He’s grown a lot just in the last couple of weeks even since I saw him last.

Mark: For sure.

I think he’s not going to be small.

Jill: No.

Mark: Kindrey went out there and she thought she picked the runt of the litter.

He was like half the size of his brothers and sisters, but then we subsequently found out that the runt doesn’t always mean they are going to end up being the smallest.

Sometimes the runt can end up being the biggest.

It just means they didn’t get as much to eat inside the mom but very often they catch up once they get their fair share, so.

Jill: So he just may be a hundred pound dog one day.

Mark: Oh, I don’t think he’ll be a hundred pounds but

Jill: No, most Lab and Retrievers aren’t that big.

Mark: Yeah, he’ll be just probably a good sized, Lab-type size.

Jill: Big enough to take on a run or on a hike.

Mark: Yeah, exactly.

Jill: But not so big that it’s kind of out of hand.

Mark: Exactly.

Yeah, so, anyway, that will be it’s fun, it’s fun.

Jill: Now you have a new member of the family for 12 or 15 years.

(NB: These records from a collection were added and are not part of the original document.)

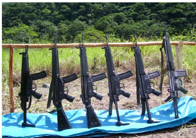
Emboscada a la DINANDRO de la PNP. Quinua-Ayacucho el 23 de marzo del 2008. 05 fusiles HK (G3), 01 MGL y abundante munición.
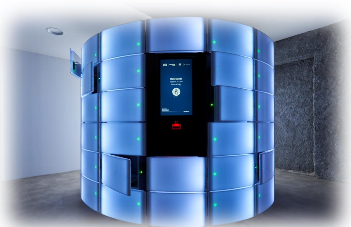
Slika 1: Pametna omara oziroma knjigomat za 24-urno izposajo naročenega knjižnega gradiva

V knjižnici je bilo konec lanskega leta skupaj zaposlenih 46 delavcev. Mestna občina Novo mesto je zagotavljala sredstva za 35 zaposlenih, šest zaposlenih so financirale občine, pogodbene partnerice, dva javna delavca so subvencionirali na Zavodu za zaposlovanje RS, plače dveh zaposlenih pa je krilo Ministrstvo za kulturo. V okviru koordinacije tematskega leta je knjižnica v letu 2020 zaposlila eno osebo.
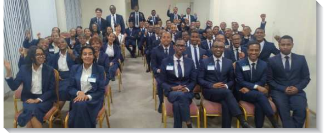
▲在阿迪斯阿貝巴的訓練學員

衣索比亞召會在二〇一六年開始舉辦全時間追求（還不是全時間訓練），至二〇一九年正式成立阿迪斯阿貝巴全時間訓練中心。全時間追求者和全時間訓練畢業的聖徒們領受負擔，他們回到當初來的城市，
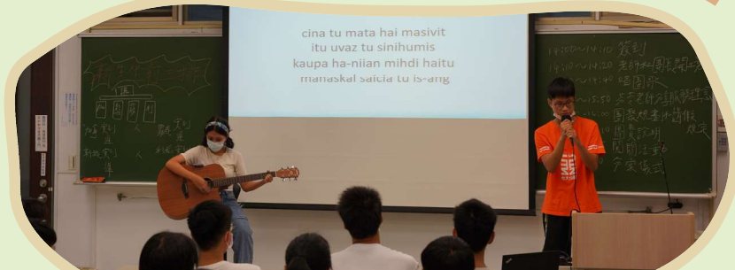
▲ 國立臺灣大學慈幼會山地服務團營隊活動籌備練習

Mark: I know and it’s amazing how fast they grow.

For all you dog owners out there and I know many of our Linguist members in Japan are probably wondering where my dog pictures are on my blog; I apologize.

I’ve got to get some up there for you to see.

Jill: But you won’t have him dressed in any fancy kimonos?

Mark: No, I won’t.

Jill: Like some of our Japanese members do with their dogs.

Mark: That right.

Boy, I can’t remember who it was now, but it’s amazing some of the detail in the kimono outfits that she makes for her dog.

Jill: Little, little dogs.

Mark: Dogs.

Jill: Dogs I think, yeah.

Mark: I think so, yeah, yeah.

Anyway, that’s a lot of fun.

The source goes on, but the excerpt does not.